Black is concerned that hate crimes laws could make it punishable to express biblical views on homosexuality, another challenge for those who minister. Dealing with the same-sex issue, he believes, takes training and understanding, but churches can be equipped. He sees three levels of the homosexual struggler: the person wholeheartedly seeking the truth, the struggler who has become hardened and no longer seeks the truth, and the struggler deceived into thinking he or she can act out within a Christian gay identity. In addition, you have the person who knows it is wrong, but is close to just giving up. All must be approached with a clear-cut biblical response to the sin in their lives.
The compassion of commonality
Some approach homosexuality as today’s leprosy or, perhaps as tax collectors in Jesus time. If so, shouldn’t we approach it as Jesus did the lepers and tax collectors? He associated with them. As Scripture tells us, “God does not show favoritism” (Acts 10:34). Jesus treated the tax collector and the leper in exactly the same way as he did others, with grace.
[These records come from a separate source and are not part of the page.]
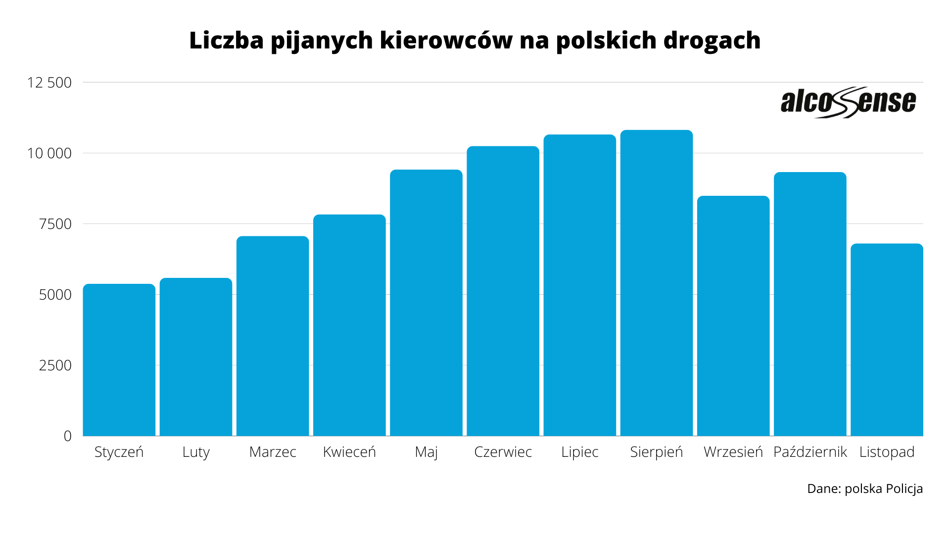 – Wzrost liczby pijanych kierowców względem zeszłego roku jest bardzo alarmujący. Zwłaszcza, że mowa o sezonie jesiennym, w którym zwykle notowano ich mniej niż w cieplejszych porach roku. W październiku za kierownicę pod wpływem alkoholu wsiadło tyle osób, ile zwykle notuje się w maju – ciepłym miesiącu z długim weekendem, który zachęca do wyjazdów za miasto i grillowania z rodziną czy przyjaciółmi. Ze statystyk wynika, że szczególnie niebezpieczne są poniedziałki. Wielu kierowców rusza w trasę myśląc, że ich organizm już poradził sobie ze skutkami weekendowej imprezy. To tak zwana nieświadoma nietrzeźwość, która stanowi duże zagrożenie zarówno dla kierującego samochodem, jak i innych uczestników ruchu drogowego. Biorąc do ręki kluczyki należy mieć absolutną pewność, że jest się trzeźwym. Dlatego warto zaopatrzyć się w dobrej jakości alkomat osobisty – mówi Hunter Abbott, ekspert ds. bezpieczeństwa ruchu drogowego z firmy AlcoSense.
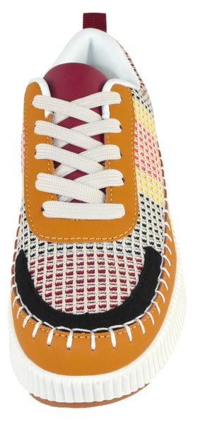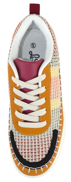 - La Sheelah Women Knitted Low Top Patchwork Fashion Sneaker Casual Lace-Up Comfort Walking Shoes Lightweight Platform Sole Trendy Woven Design TIMELESS-12
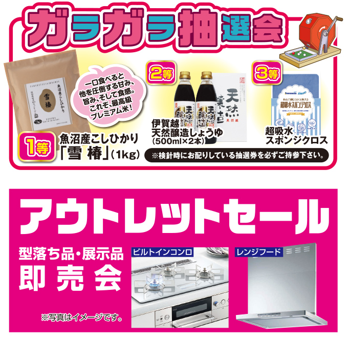 また早い者勝ちの展示即売会(アウトレットセール)も実施しております。
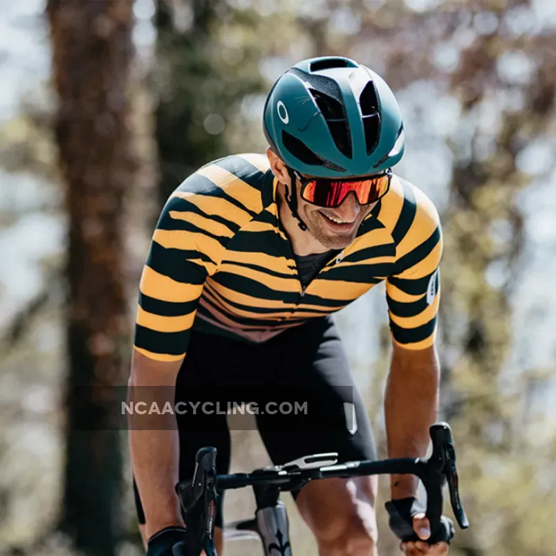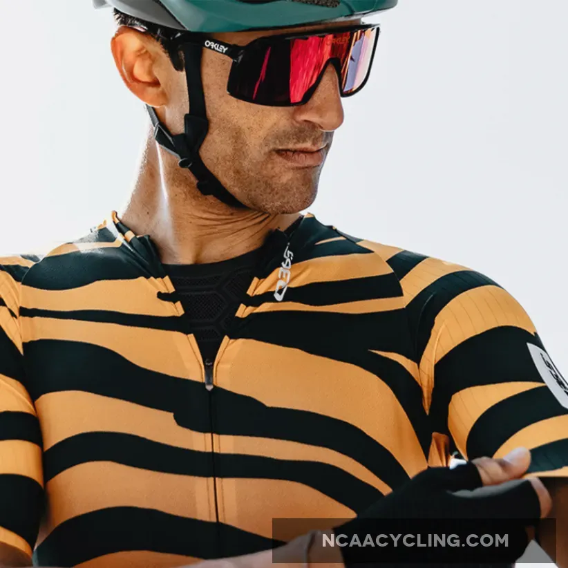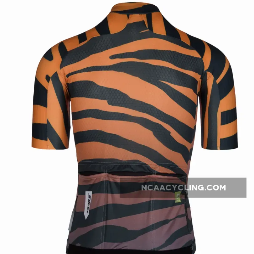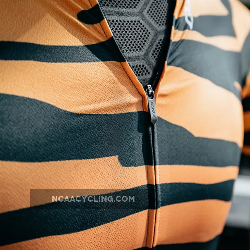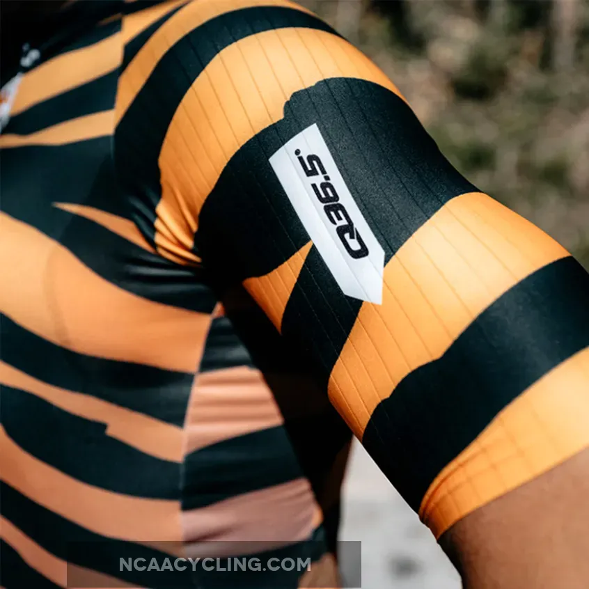 Q36.5 R2 Tiger jersey, Q36.5 designed a new Raglan shirt, updating the raglan cut used for a long time in traditional cycling links. After careful studies both in the field of body mapping and aerodynamics, the new Raglan R2 was designed using a combination of different tissues strategically positioned with consequent new look and offering all the advantages of detailed search. The sleeves are made with a aerodynamic ribbed fabric while the front panel is a microphorated fabric and on the back of the shirt there is a honeycomb fabric. Overall, this innovative combination makes the R2 shirt very light (110gr) and very breathable. Historical note: the construction of the Raglan sleeve appeared for the first time on the cycling scene in 1986, when the Dutch PDM team introduced this new cut for reasons of brand visibility; The large PDM logo was extremely visible on the larger sleeve. This was the beginning of the popularity of this mesh style.

“If we don’t approach the issue of homosexuality with long-suffering and patience to help people through their sin, we set ourselves up for self-righteousness, which is also a sin,” said Black. “We need to bear each other’s burdens. As Christians, we should be very careful of placing limits on that.”
While willful and repetitive sin can rightfully lead to church discipline and removal, Black thinks churches should be slow to act in disciplining, exercising patience and offering support.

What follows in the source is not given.